26 Feb 2015

Sorghum is grown for grain and also for forage in areas with inadequate rainfall for satisfactory maize cropping. There are two general types: the sweet sorghums, which have stems filled with a sweet juice, and the grain sorghums, which usually have pithy stems. Sweet sorghums are grown for forage rather than grain.

There are many varieties of grain sorghum, but the composition of their grain does not differ enough to affect significantly their feed qualities. All varieties are annual maize like grasses more than 2 m high. Sorghum requires similar soil conditions to maize but can grow in drier climates.

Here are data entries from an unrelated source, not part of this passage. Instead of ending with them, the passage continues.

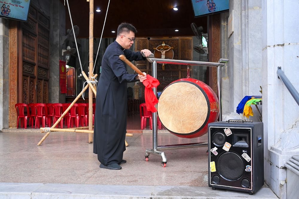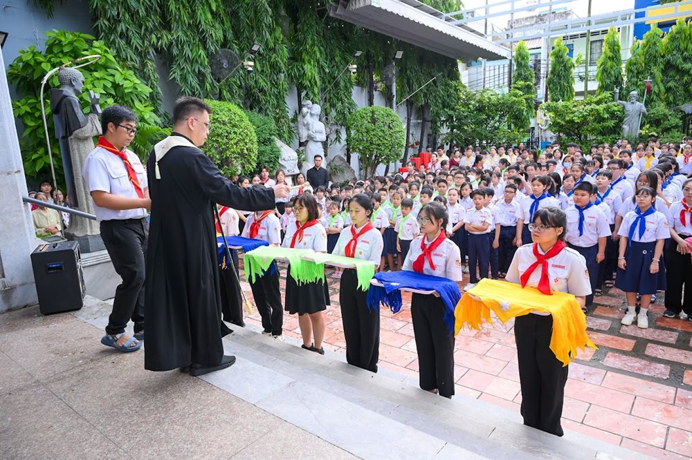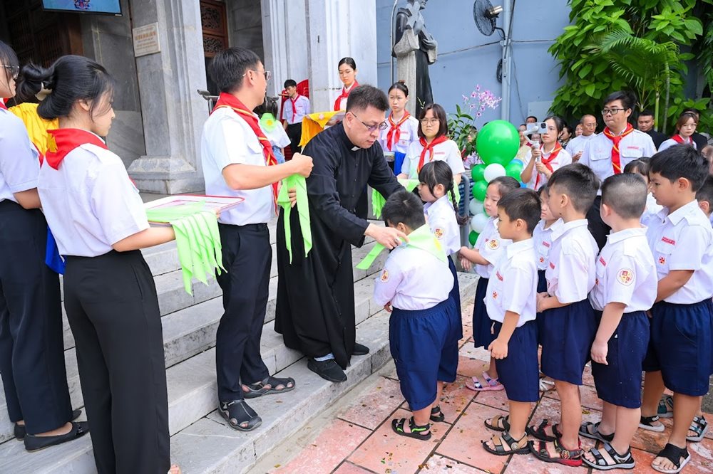 Sau đó, linh mục Martinô đánh hồi trống khai giảng, gửi gắm ước mong năm học Giáo lý mới được khởi đầu trong tinh thần hăng say, hứng khởi và tràn đầy hy vọng. Ngài cũng chủ sự nghi thức làm phép khăn quàng và trao khăn cho các em trong bầu khí trang nghiêm, xúc động.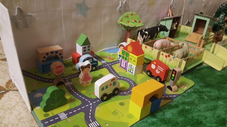 Город из кубиков Бондибон и ферма из картона Джеко.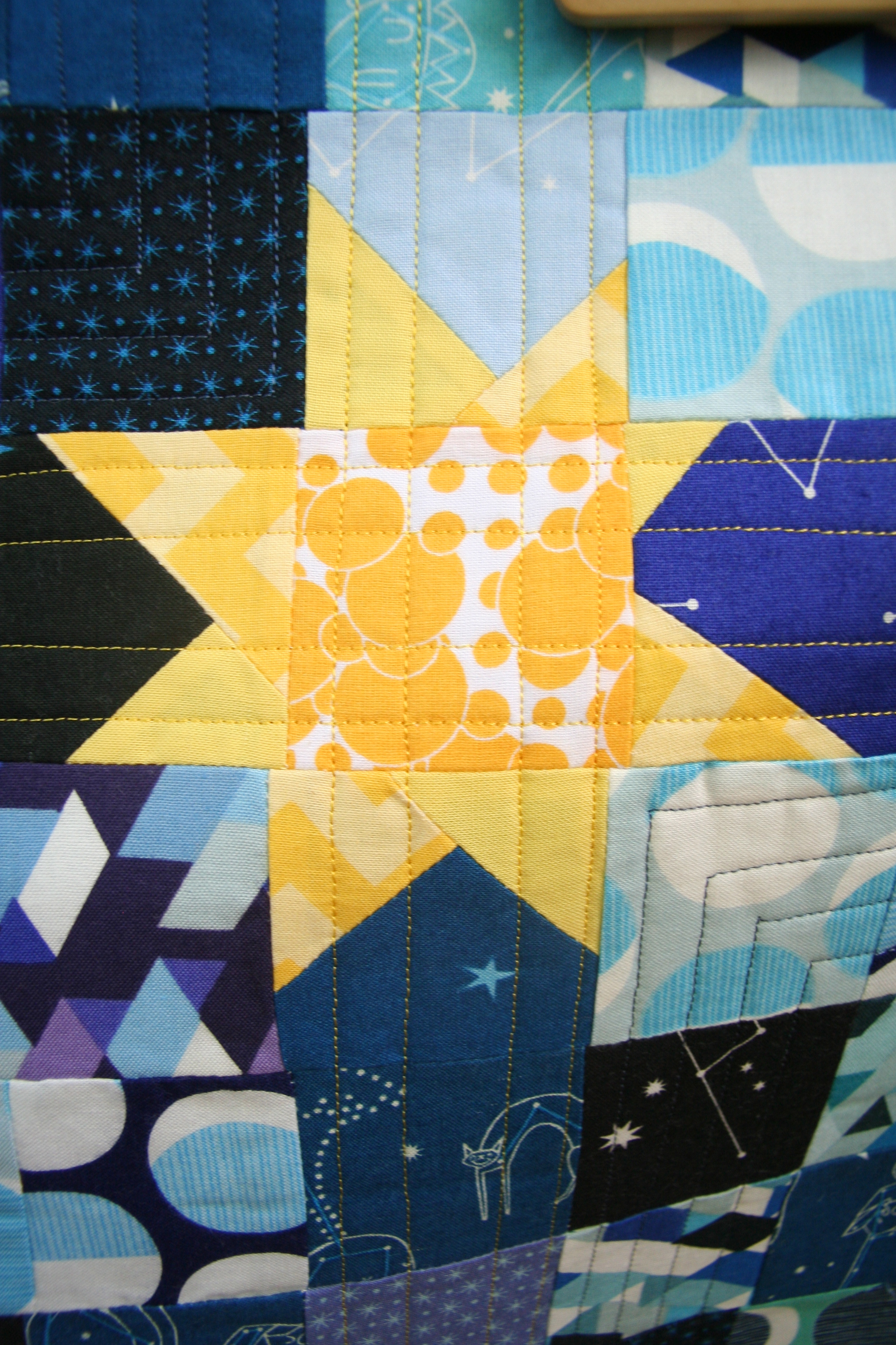The quilting on this one I went with dark blue straight lines radiating from the wonky star, which is our sun, to kind of represent orbits. These lines were alternating to make sure the softness was left in the cushion cover. I also added yellow lines both horizontal and vertical directions through the sun.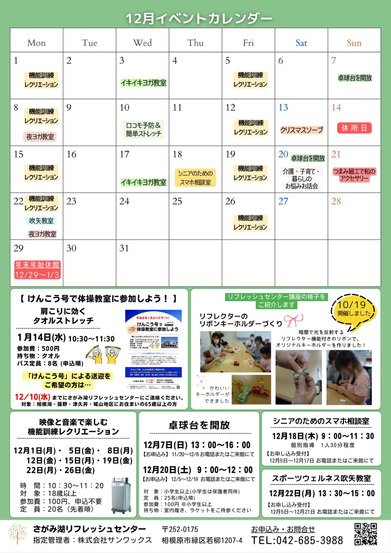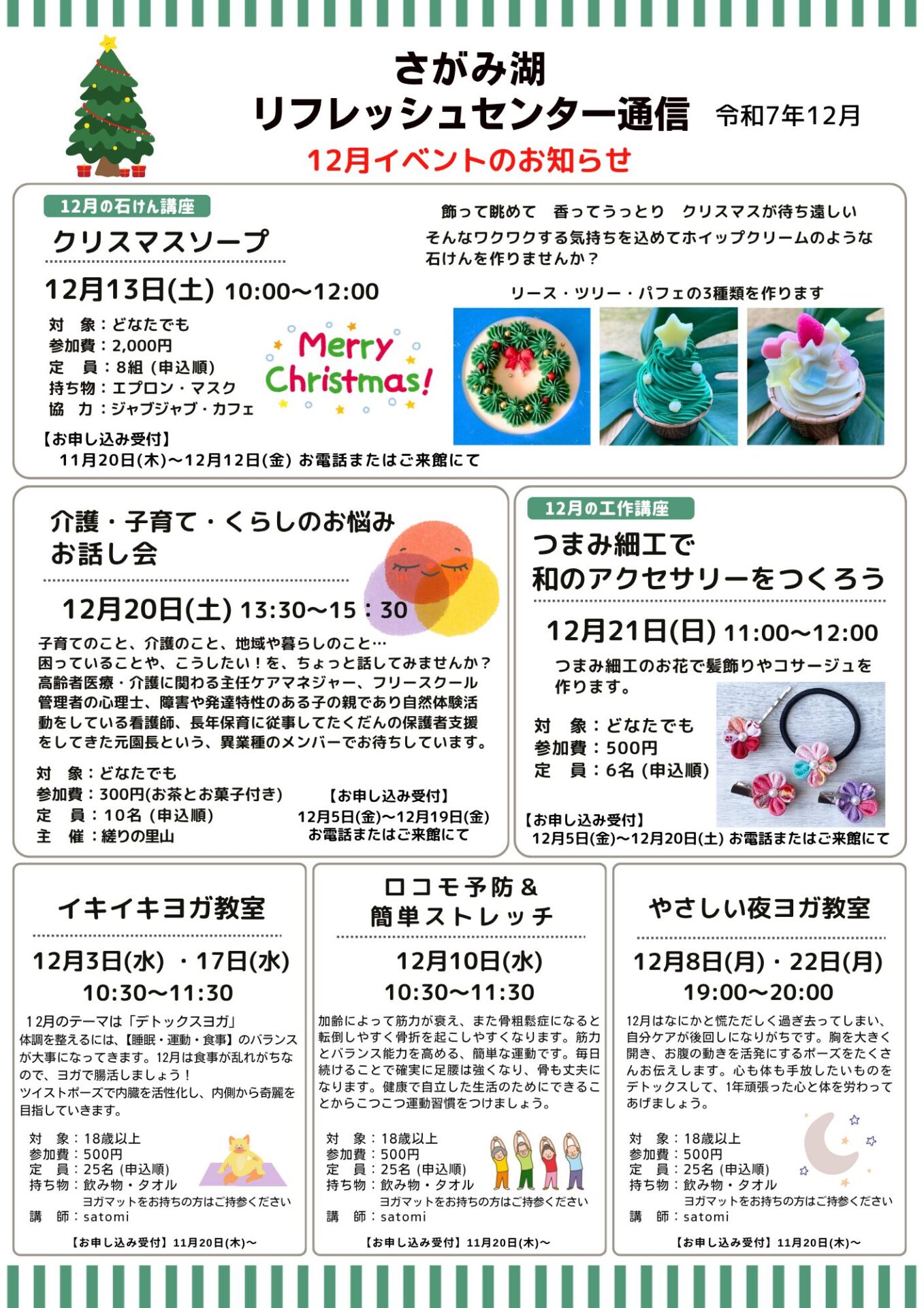 2025.11.19 「リフレッシュセンター通信12月号」 イベント情報などを掲載した「リフレッシュセンター通信」を毎月発行しています。 館内に配架しますので、是非お手に取ってご覧ください。 イベントの申し込みやお問合せはお気軽にスタッフまでお声掛けください。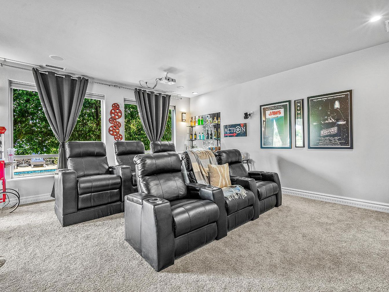 This home theater features two rows of black leather recliners arranged for optimal viewing comfort. The front row has three plush seats, complemented by three more positioned on a raised platform behind, ensuring excellent sightlines. Large windows with dark gray curtains frame the left side wall, allowing natural light when desired but also easy darkening for movie time. A subtle gray carpet covers the floor, enhancing the cozy ambiance. On the right wall, framed classic movie posters add character, while a small bar with shelves stocked with colorful bottles and glassware provides a convenient entertaining space.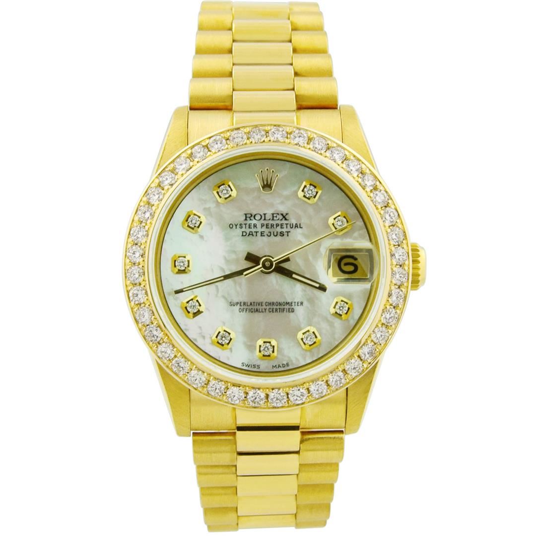 Rolex Datejust President Lady 31mm MOP Diamond Dial 18KT Yellow Gold Polished & Electronically Tested. Model: Datejust President 68278. Case: 18KT Yellow Gold. Bezel: Custom made diamond bezel with round brilliant diamonds all set in prong setting. Total Weight 0.85ctw Clarity: VS-SI Color:G-H. Crystal: Sapphire. Bracelet: 18KT Yellow Gold, Little Loose. Dial: Mother of Pearl With 0.10 Diamonds. Date Window: 3 O'clock Position date display. Movement: Automatic Winding Movement. Water Resistant: Yes. Case Size: 31mm. Condition: Pre Owned, Watch is free of all Scratches and Dents, Extra Fine G-6.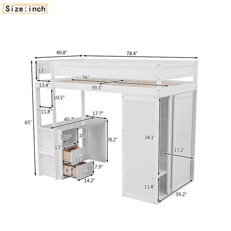 - [Storage Space] This loft bed is made up of several pieces: a bed, a desk, a wardrobe, 2 drawers and an open storage cabinet. It can completely store your work and daily necessities.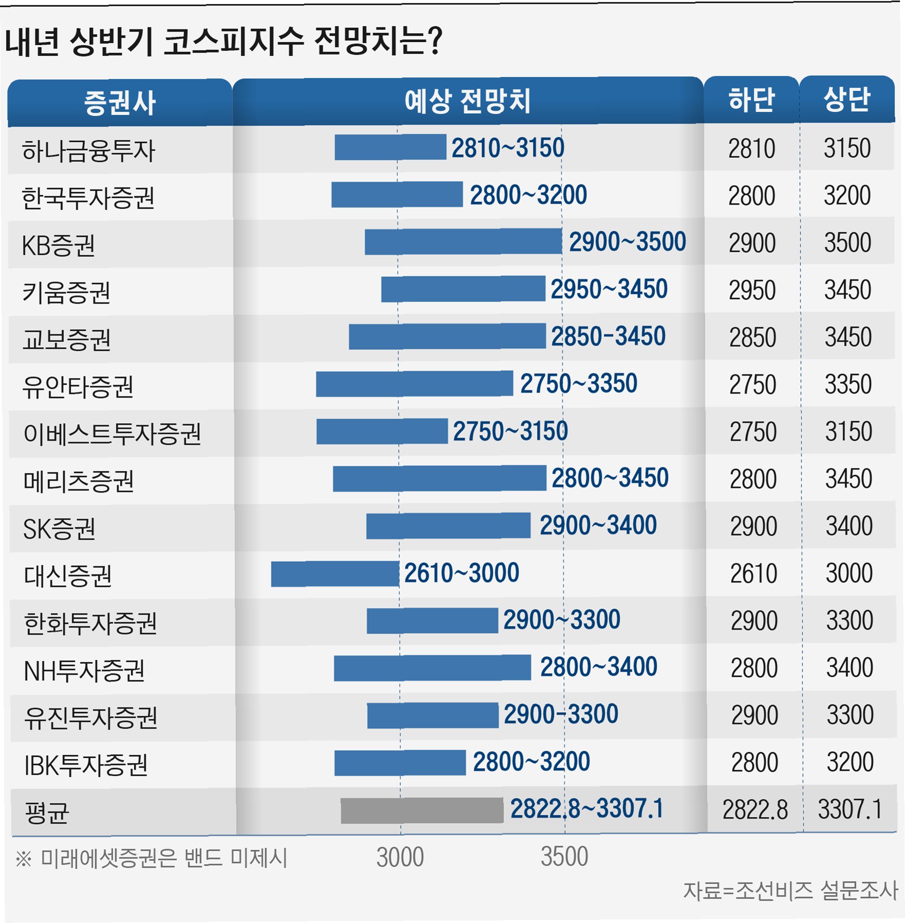 증권사들은 3000선을 기준으로 엇갈린 전망을 내놓았습니다. SK증권, 신한투자증권, 키움증권 등 6곳은 3000선 이상을, 삼성증권, 신영증권, NH투자증권 등 10곳은 3000선을 넘지 못할 것으로 예상했습니다. iM증권은 2750선으로 가장 보수적인 전망을 제시했습니다. 이러한 예측의 차이는 증권사들이 시장을 바라보는 다양한 시각과 분석 방법론의 차이를 반영합니다. 하지만, 결과적으로 모든 증권사의 예측은 빗나갔습니다. 이는 시장 예측의 어려움을 보여주는 단적인 예이며, 투자자들이 단일 예측에 의존하기보다는 다양한 정보를 종합적으로 고려해야 함을 시사합니다.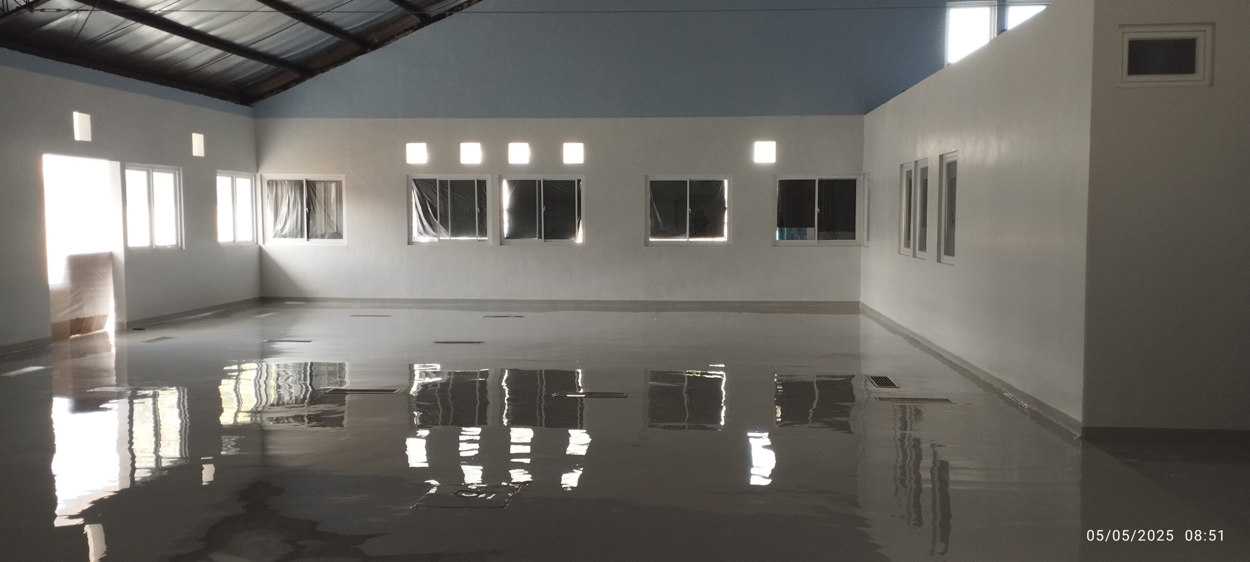 Selain fungsional, Polyfloor Epoxy juga tahan terhadap bahan kimia ringan, air, serta mudah dibersihkan, menjadikannya solusi ideal untuk dapur yang beroperasi setiap hari. Dengan pilihan warna yang rapi dan profesional, lantai dapur tetap terlihat bersih, terang, dan nyaman digunakan oleh para petugas.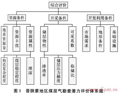 關鍵詞:煤層氣;勘查潛力;綜合評價;層次分析法;灰色聚類分析法;資源條件;開采條件;開發(fā)利用條件;晉陜蒙地區(qū)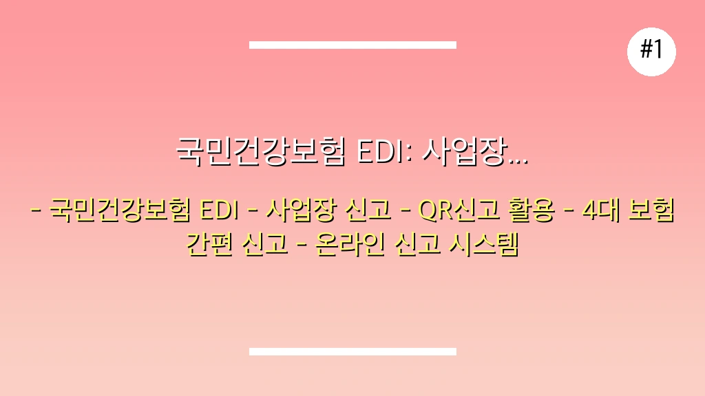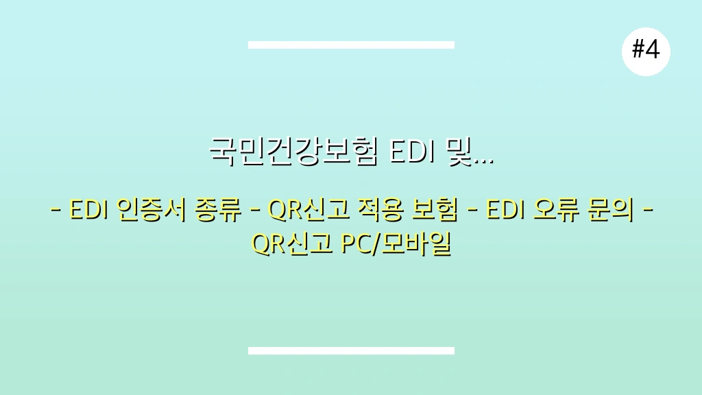 국민건강보험 EDI 시스템은 사업장에서 건강보험, 국민연금 등 관련 신고 업무를 온라인으로 처리하는 필수 플랫폼입니다. 특히 최근 도입된 QR신고 방식은 사용자 편의성을 크게 향상시켜, 가입부터 활용까지 모든 과정을 숙지하는 것이 중요합니다. 이 가이드에서는 EDI 가입 방법부터 QR신고 활용법까지 상세하게 안내해 드립니다.

When properly supplemented, sorghum grains are excellent for all classes of livestock. The grains must be processed before being fed to cattle, otherwise a large proportion of the grains will be swallowed whole and the waxy bran covering the grain will make digestion difficult.

Grinding is the simplest, least expensive method of preparing sorghum grain for cattle; other methods include dry-rolling, steam-rolling, flaking and popping. All methods produce end products with different degrees of digestibility.  Sheep can be given whole sorghum grains as they masticate them more thoroughly.

Whole grain can also be fed to pigs and poultry, but cracked or ground grain gives somewhat better feed efficiency especially with small-seeded varieties or very dry grains. For best results the grain must be ground only moderately fine, as too finely ground grain decreases consumption.

When sorghum grain is replacing maize, it must be kept in mind that sorghum lacks carotene and should therefore be supplemented with about 3% dried green feed. Sorghum has the disadvantage of tending to cause constipation.